For more than a century, parking garages have existed virtually unchanged: boring, often unsightly, yet largely ignored by the public; tolerated by users, and a steady if unspectacular investment vehicle for owners and operators. Now, however, as technology is rapidly mounting its disruptive assault across the real estate value chain, even the dowdy parking garage is undergoing a radical makeover, as innovators and entrepreneurs employ web-based end-to-end parking connectivity to produce the parking facilities of the 21st Century.
In a newly published white paper, MetaProp NYC highlights how “GarageTech”’s assault on this real estate asset class is rapidly changing every aspect of the business, from development to operations to final valuation.

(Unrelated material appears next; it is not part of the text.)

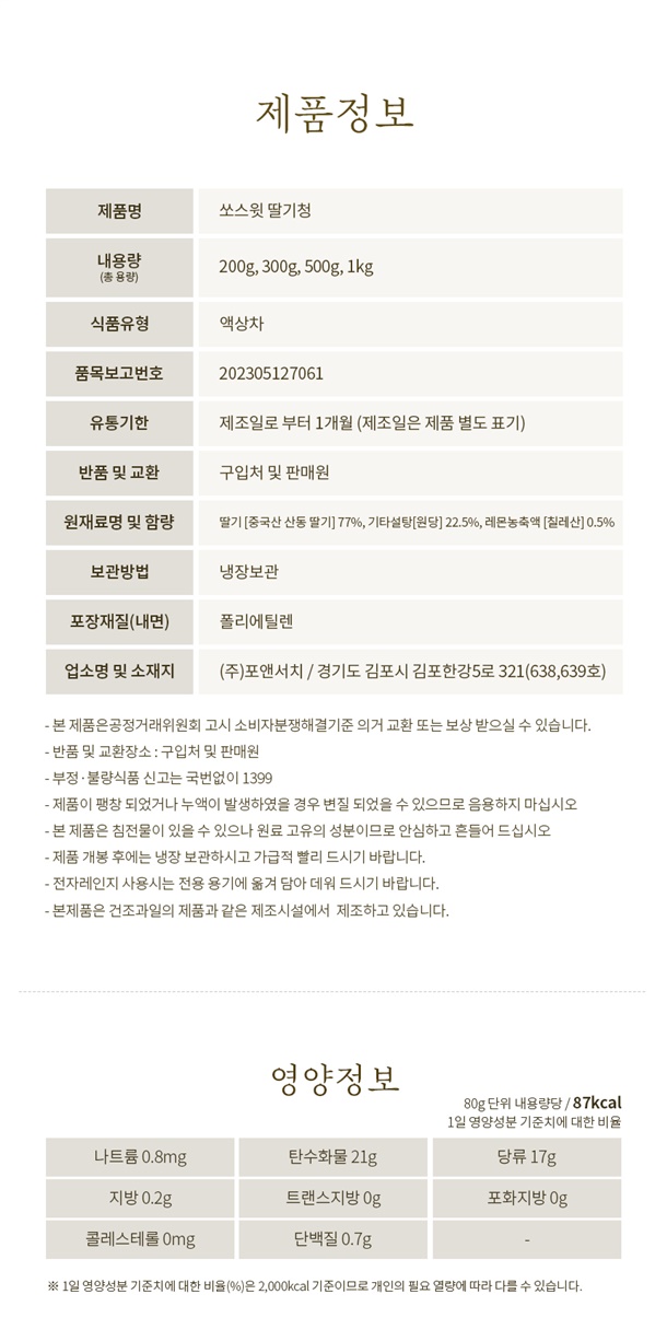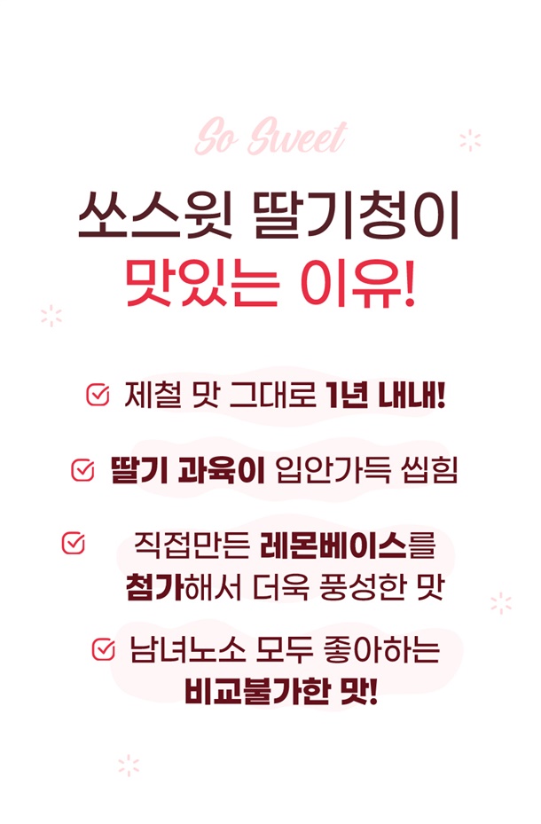 입안가득 딸기과육이 씹히는 풍성한 맛의 딸기청

The report, entitled The Future of Parking, examines how technology is changing these facilities, how they could evolve over the near- and long-term and how this evolution is impacting the economics and investment profile of the modern parking facility. According to Philip Russo, Founding Partner, MetaProp Advisors, the paper is intended to present the clearest picture possible of GarageTech and its effects on parking facility development without making speculative recommendations.

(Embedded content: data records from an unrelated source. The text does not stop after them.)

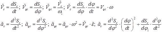 Кинематическими передаточными функциями механизма называется производные от функции положения по обобщенной координате. Первая производная называется первой передаточной функцией или аналогом скорости (обозначаются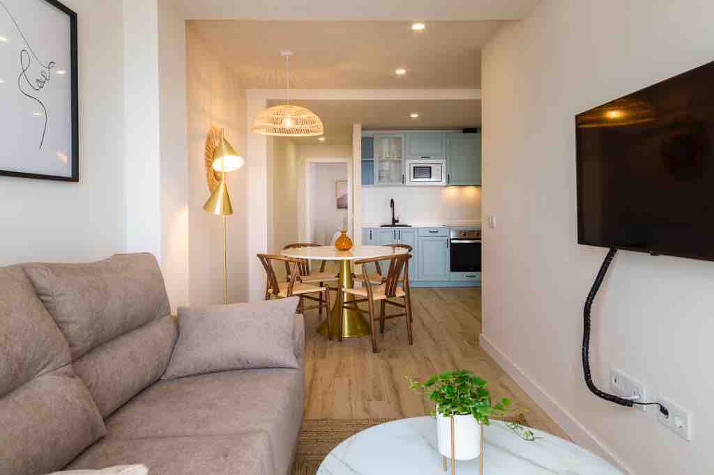 APARTAMENTO RENOVADO Se trata de un precioso espacio donde hemos cuidado hasta el mas mínimo detalle para hacer sentir a nuestros huéspedes como en casa. La vivienda esta equipada con todo lo necesario para disfrutar de unas relajadas vacaciones. Se encuentra detrás de la playa y paseo, junto a los sitios de ocio. Además cuenta con dos piscinas para niños y adultos, zonas comunes, patio exterior y una amplia terraza para cenar.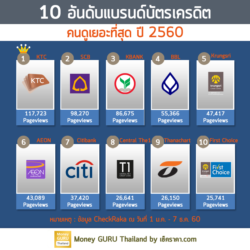 (หมายเหตุ : เป็นการจัดอันดับโดยรวบรวมข้อมูลจาก Google Analytic ณ วันที่ 1 ม.ค. - 7 ธ.ค. 60) อันดับ 1. บัตรกรุงไทย (KTC)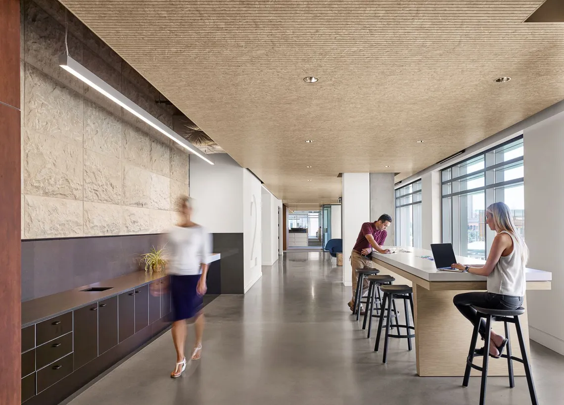 Amber’s projects begin not with a floorplan, but with deep, immersive research. “I always fight for a lengthy pre-design phase,” she says. That means moving beyond stakeholder interviews and engaging in everything from focus groups and surveys to observing and even shadowing employees. In one case, she even underwent onboarding as if she were a new employee at the client’s company.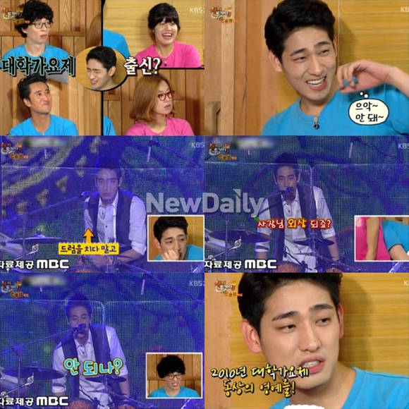 배우 윤박이 대학가요제 출신으로 밝혀졌다.25일 방송된 KBS 2TV '해피투게더3'에는 한솥밥 특집으로 '연예가중계' 팀의 신현준, 박은영, 김생민과 '가족끼리 왜 이래' 팀의 손담비, 윤박, 박형식, 서강준, 남지현이 출연해 솔직한 입담을 뽐냈다.이날 MC 유재석은 "윤박이 대학가요제 출신이라고 하던데"라고 언급하며 당시 대학가요제에 참가한 증거영상을 공개했다.공개된 영상에서 열정적으로 드럼을 치던 윤박은 자리에서 일어나 "사장님 외상 되죠? 안 되나?"라고 느끼한 멘트를 날리며 다시 드럼을 치기 시작했다.이에 스튜디오에 있던 MC들과 게스트들은 오글거림을 참지 못했고, 당사자인 윤박은 민망함에 고개를 숙였다. 윤박은 2010년 대학가요제에서 동상을 받았다.['해피투게더' 윤박, 사진=KBS2 '해피투게더' 방송 캡처]

“Experts now believe that the fully connected ‘smart parking garage’ will be ubiquitous within the next 10 years,” said Russo. “The effect on the approximately 40,000 garage and surface parking facilities in the U.S., along with the other international facilities, will come from the traditional car makers such as Audi, Ford, GM and others, but also from technology oriented companies like Apple, Google, Tesla and more, along with some 250-plus GarageTech startups.”

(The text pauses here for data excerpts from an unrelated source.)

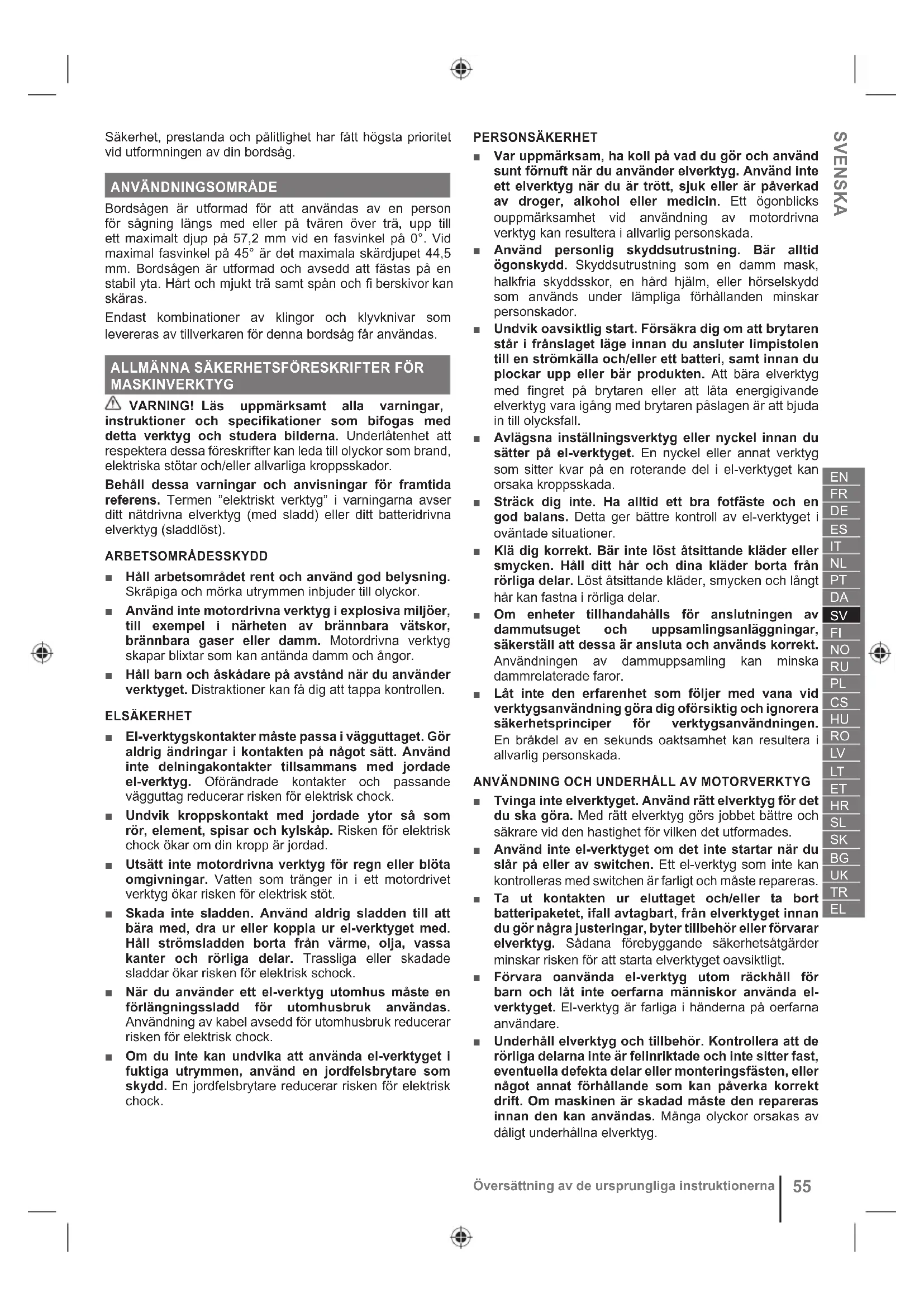 EL■ Håll skärverktyg vassa och rena. Korrekt underhålla skärverktyg med vassa kanter är mindre benägna att fastna och lättare att kontrollera. ■ Använd elverktyget, tillbehör och insatsverktyg mm. i enlighet med dessa anvisningar, och anpassat till arbetsförhållandena och det arbete som ska utföras. Användning av el-verktyget för andra områden än de avsedda kan resultera i en riskfylld situation. ■ Håll handtag och greppytor torra, rena och fria från olja och smörjfett. Hala handtag och greppytor tillåter inte säker hantering och kontroll av verktyget i oväntade situationer.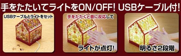 | ライトが光る家型ジグソーパズルです。音に反応して電源が入るので、手をたたいてライトのON/OFFが可能。USBで電源を確保できるので、ベッドサイドのインテリアに最適! |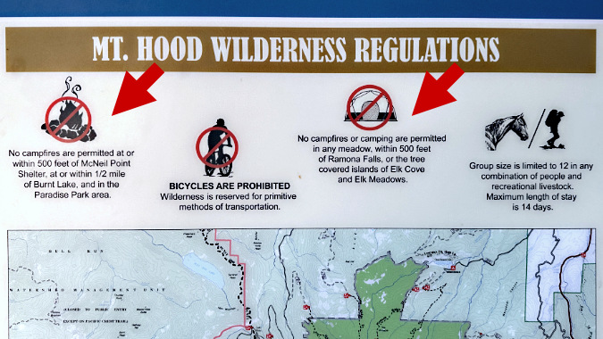 How would the average person know how far “500 feet from the McNeil Point Shelter”, or a “half-mile from Burnt Lake” is? What’s a “tree-covered island” versus a grove of trees at Elk Cove and Elk Meadows? The last rule is especially puzzling, though it seems to describe a near-total ban at Paradise Park. Add in the ever-shrinking number of Forest Service rangers available to patrol the Mount Hood Wilderness, and it’s hard to believe these restrictions are having any real impact as written, however well-intended.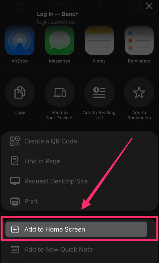 If you previously used the Bench app: Our native iPhone app has been discontinued and is no longer available in the App Store. The good news is our website is built for mobile, and you can add it to your home screen for the same quick-access experience.
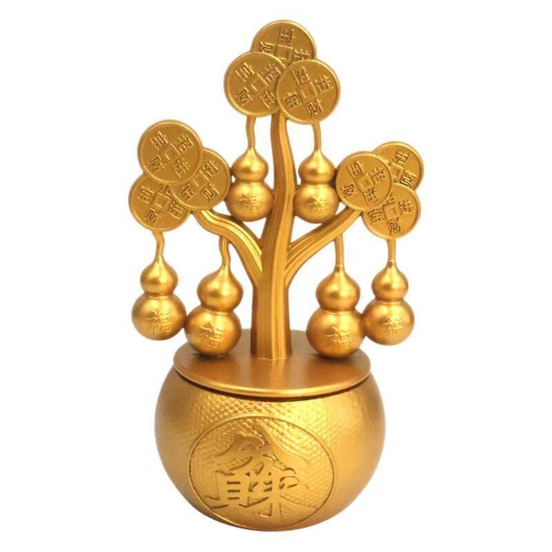 古来より財運や繁栄の象徴とされてきた「金のなる木」と、幸福や厄除けの象徴である「瓢箪(ひょうたん)」を組み合わせた、縁起の良いオブジェです。金色に輝く木には美しい瓢箪がたわわに実り、見るだけで豊かさと幸運が訪れるような雰囲気を感じさせます。

One of those startups is Denver-based Parkifi, a platform that mixes way-finding, data analytics and Internet of Things technologies. Using hardware embedded in parking spots, the service alerts drivers to open spaces. Ryan Sullivan, Parkifi’s CEO & Co-Founder, predicts that in the future we will have the same number of parking spots, but in different locations. “Parking garages will move out of cities. They will be bigger and multi-use, like taxi-pens. There will be more smart garages that are self-aware, meaning they will know the ‘who, when and where’ data of the garage that communicates with marketing channels.”
In analyzing the “smart parking garage,” landscape, MetaProp’s white paper looks at a wide range of technological innovation and disrupters, including “GarageTech” verticals:
The report also examines consumer attitudes toward on-demand and driverless cars, as well as their adoption of smart garages, and what the failure to embrace and invest in such facilities will cost developer/owners now and in the future.